Da Mani Pulite a Mafia Capitale: i condizionamenti del potere alla libera informazione

 

Intervista a Giulio Mancini, giornalista di Ostia Lido, uno dei quartieri di Roma più coinvolti in Mafia Capitale

mancini-giuliozingax300I continui attacchi alla libertà di stampa non hanno confini. Quasi ogni giorno assistiamo a chiusure di giornali sgraditi ai vari potenti sparsi nel mondo, alle incarcerazioni di giornalisti, e drammaticamente anche alle eliminazioni fisiche di coloro che come mestiere raccontano quello che accade nella loro società. In Italia fare libera informazione è sempre più difficile le varie testate vengono condizionate economicamente tagliando le risorse finanziarie e pilotando i flussi pubblicitari. Ultimamente stiamo assistendo anche a un pericoloso percorso di fusione di testate giornalistiche, per esempio La Repubblica La Stampa e il Secolo XIX, che porta ad un progressivo impoverimento
del pluralismo di idee e ad una mancanza di confronto politico-culturale.

Anche in Valle d'Aosta la tentazione di condizionare la libera informazione serpeggia tra coloro che hanno anche un briciolo di potere tra le mani.
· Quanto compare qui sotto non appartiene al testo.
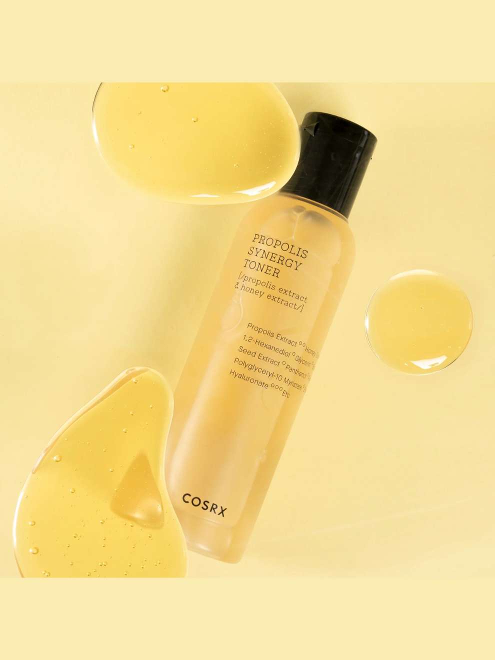 The COSRX Full Fit Propolis Synergy Toner is formulated with 72.6% black bee propolis extract and 10% honey extract to hydrate, soothe, and restore skin. Its essence-like, fast-absorbing texture delivers a dewy, supple finish without stickiness. Rich in antibacterial and anti-inflammatory properties, it supports skin healing and is suitable for all skin types, especially dry or dull skin.
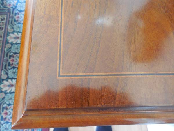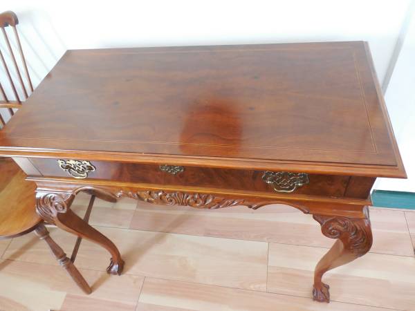Fancher book matched hall table with inlaid boxwood and one drawer, batwing hardware and metal pulls, cabriole style legs with ball and claw feet. This is custom hall table made by world famous Fancher Chair Co. of NY. A great piece in excellent condition. Measures 36" long x 18.5" wide x 32" tall. This a quality piece of furniture from an estate in Tuxedo Park in NY. I don't know its age or history, but it has been well cared for. PRICE REDUCED
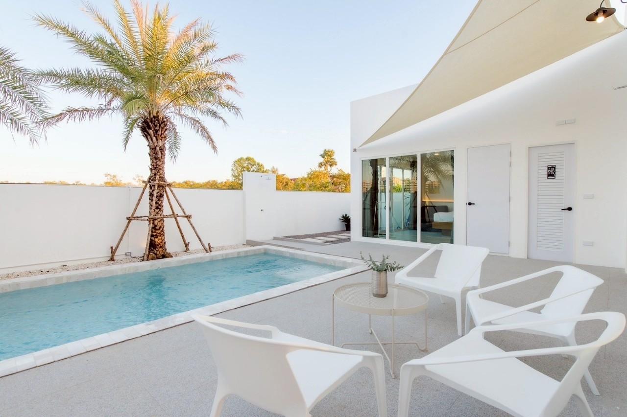 บ้านพักพูลวิลล่าชะอำ สไตล์ Minimal Cafe เรียบง่ายแต่โดดเด่น ใกล้ทะเลเพียง 300 เมตร!
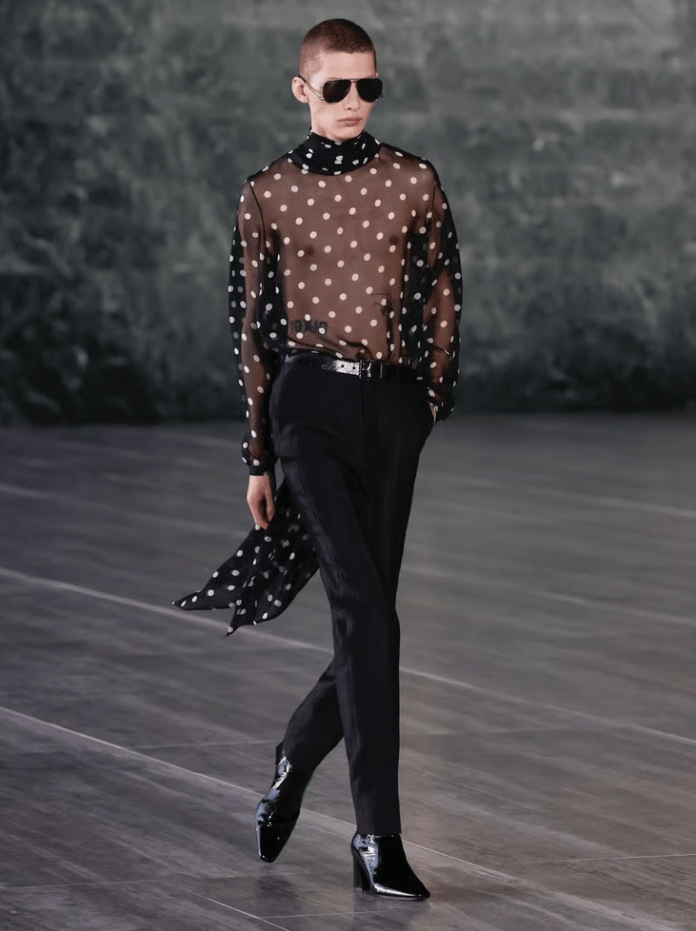 This fashion show has to be the most diverse and significant to the Yves Saint Laurent because men wore outfits that were feminine to the fashion, Mostly we have seen women wearing musculine outfits in the Ysl but this time it was very different to the other runways.
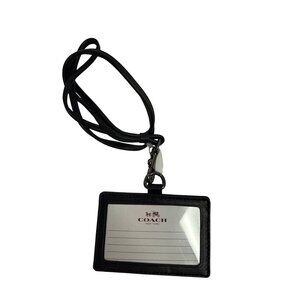 Coach ID Lanyard Charcoal Black Card Holder Signature Canvas Leather Trim NEW
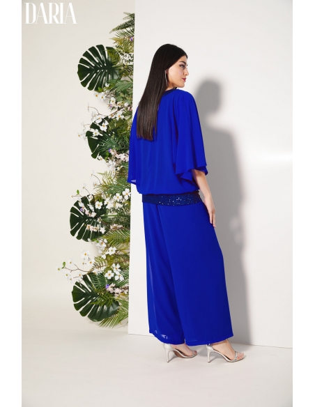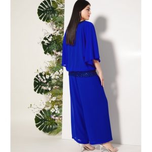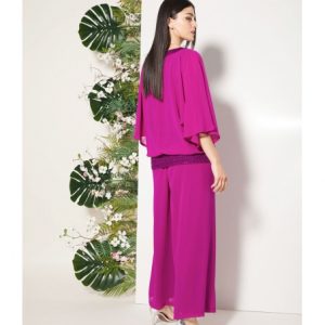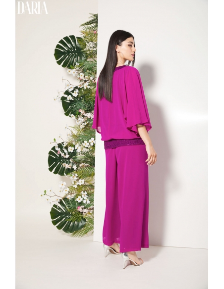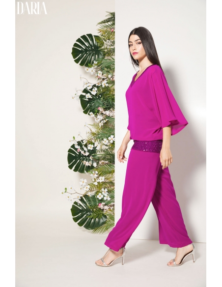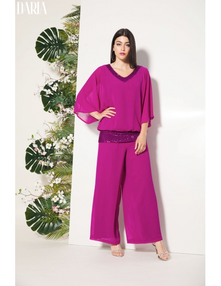 Conjunto de fiesta de dos piezas que combina sofisticación y ligereza. El blusón de gasa presenta escote y cinturilla elástica de lentejuelas, aportando un sutil brillo que realza el diseño, mientras que el forro interior garantiza comodidad. El pantalón de doble gasa, amplio y vaporoso, incorpora goma en la cintura para un ajuste confortable. Un conjunto pensado para ocasiones especiales, diseñado para acompañar el movimiento con elegancia y adaptarse a mujeres reales.

Esempio sconcertante è l'affermazione di un politico in evidenza che nell'ultima Festa della Valle d'Aosta: "Occorre anche una nuova qualità dell'informazione che sia capace di restituire con responsabilità, ai valdostani, il percorso che ci stiamo preparando ad affrontare".
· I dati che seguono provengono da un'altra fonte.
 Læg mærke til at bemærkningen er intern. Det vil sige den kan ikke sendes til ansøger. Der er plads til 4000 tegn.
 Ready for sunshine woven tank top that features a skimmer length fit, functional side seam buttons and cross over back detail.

Ho intervistato un giornalista che lavora in prima linea in un territorio colpito da "Mafia Capitale", Ostia Lido, il mare di Roma. Lui è Giulio Mancini responsabile dal 1989 della redazione del litorale di Roma de Il Messaggero. Una testimonianza, la sua, di come sia difficile fare libera informazione in quartiere della Capitale d'Italia che, in teoria, dovrebbe poter vantare una libera stampa in un libero Stato.

Giulio Mancini, 60 anni, è giornalista da 38. Nel suo lungo curriculum ha collezionato 5 anni di radio per diverse testate locali, un anno di collaborazione con il quotidiano L'Occhio di Maurizio Costanzo, sette a Il Tempo e diversi articoli pubblicati per varie riviste di turismo e ambiente.

 

Dal 1989 al 2016, quanta acqua è passata sotto il pontile? Quante cose sono cambiate?
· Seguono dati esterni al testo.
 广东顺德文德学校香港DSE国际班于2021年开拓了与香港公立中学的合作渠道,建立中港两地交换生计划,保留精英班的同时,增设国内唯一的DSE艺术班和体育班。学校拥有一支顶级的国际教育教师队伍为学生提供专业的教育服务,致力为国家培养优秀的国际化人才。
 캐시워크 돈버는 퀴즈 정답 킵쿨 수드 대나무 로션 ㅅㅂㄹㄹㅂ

«E' cambiata soprattutto la gente. Ostia è diventata sempre più città-dormitorio, l'economia locale è legata sempre più strettamente agli umori di Roma. Per carità, Roma è la Capitale e non potrebbe essere altrimenti ma l'autonomia ed il decentramento amministrativo si sono via via ridotti riducendo Ostia ad una "colonia" come ai tempi dell'Impero Romano. Le uniche attività che possono dare sostegno all'economia locale sono il turismo mordi e fuggi dei romani che vengono a passare, anche durante la stagione fredda, una giornata al mare a mangiare del pesce nei ristoranti o d'estate a fruire della spiaggia. Lo stesso aeroporto, con tutte le modifiche e le crisi nell'assetto della proprietà e soprattutto della compagnia di bandiera, l'Alitalia, ha prodotto una ricaduta terribile su Ostia che ha sofferto più di altre località i licenziamenti e la precarizzazione, con l'impoverimento del territorio».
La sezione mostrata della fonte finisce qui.